State of Minnesota, Respondent vs. Keith Richard Rossberg, Appellant – Case No. A13-1241: Keith Richard Rossberg was convicted of first-degree premeditated murder in March 2013 for the shooting death of his friend and neighbor Devan Hawkinson in 2011. As part of its case-in-chief, and over Rossberg’s objection, the State introduced evidence of a variety of incidents that occurred in late 2008, all of which involved some kind of misconduct by Rossberg, including acts of violence, or threats of violence, against Hawkinson; damage to Hawkinson’s property; and firearms-related conduct. The State also presented evidence that Hawkinson expressed his fear of Rossberg. The trial court ruled that the evidence was admissible to show the relationship between Rossberg and Hawkinson.

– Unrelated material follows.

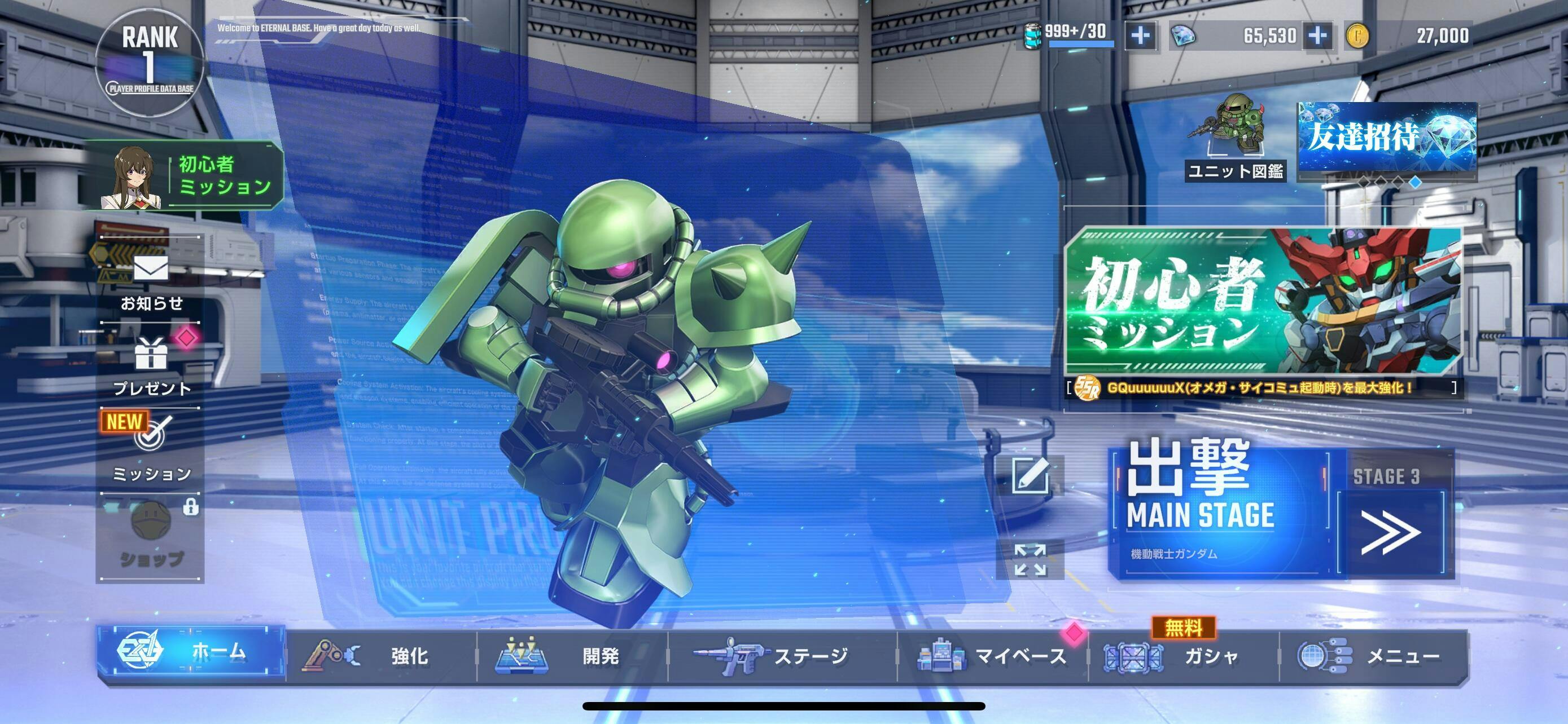 This is an SD Gundam G Generation ETERNAL reroll starter account on the Japan server with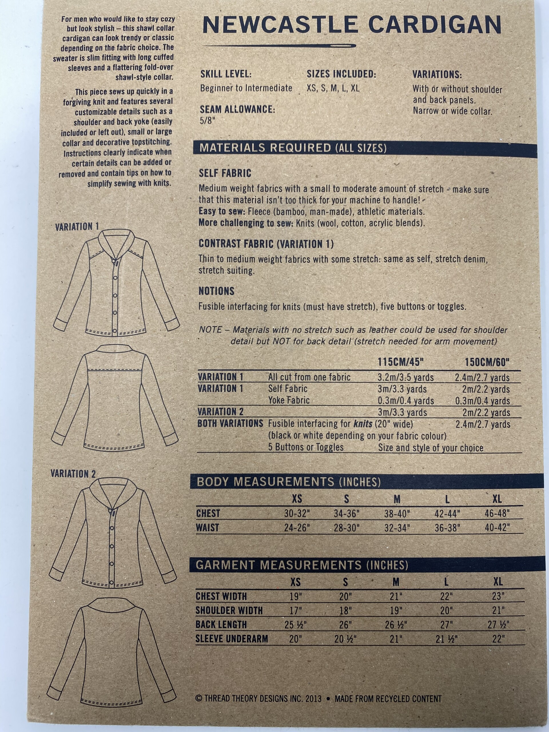 The Men’s Newcastle Cardigan sewing pattern from Thread Theory. For men who would like to stay cosy but look stylish – this cardigan can look trendy or classic depending on the fabric choice. The sweater is slim fitting with long cuffed sleeves and a fold-over shawl style collar.

            On appeal to the supreme court, numerous issues are presented, including: (1) whether Rossberg was denied the right to a fair trial when the State introduced a vast array of bad-act and character evidence that was remote in time from the charged offense and which lacked probative value as to motive, intent, opportunity, or plan; and (2) whether Rossberg was denied a fair trial where the trial court admitted statements by Hawkinson to police concerning his fear of Rossberg, when the statements were made during the police investigation and Rossberg did not raise the defense of accident, suicide, or self-defense. (Wright County).

Monday, May 12, 2014

Champlin Park High School


Daniel Garcia-Mendoza, Appellant, vs. 2003 Chevy Tahoe, Vin #1GNEC13V23R143453, Plate #235JBM, et al., Respondents – Case No. A13-0445: On March 19, 2012, the police stopped appellant Daniel Garcia-Mendoza while driving the 2003 Chevy Tahoe.  Police searched the vehicle and discovered a plastic bag with 225.90 grams of methamphetamine.  Garcia-Mendoza was given a notice of seizure and intent to forfeit the Tahoe and $611 in cash that was found on his person.  Garcia-Mendoza was also charged in both state and federal court with controlled-substance crimes.  He pleaded guilty in federal court, and the state criminal charges were dismissed.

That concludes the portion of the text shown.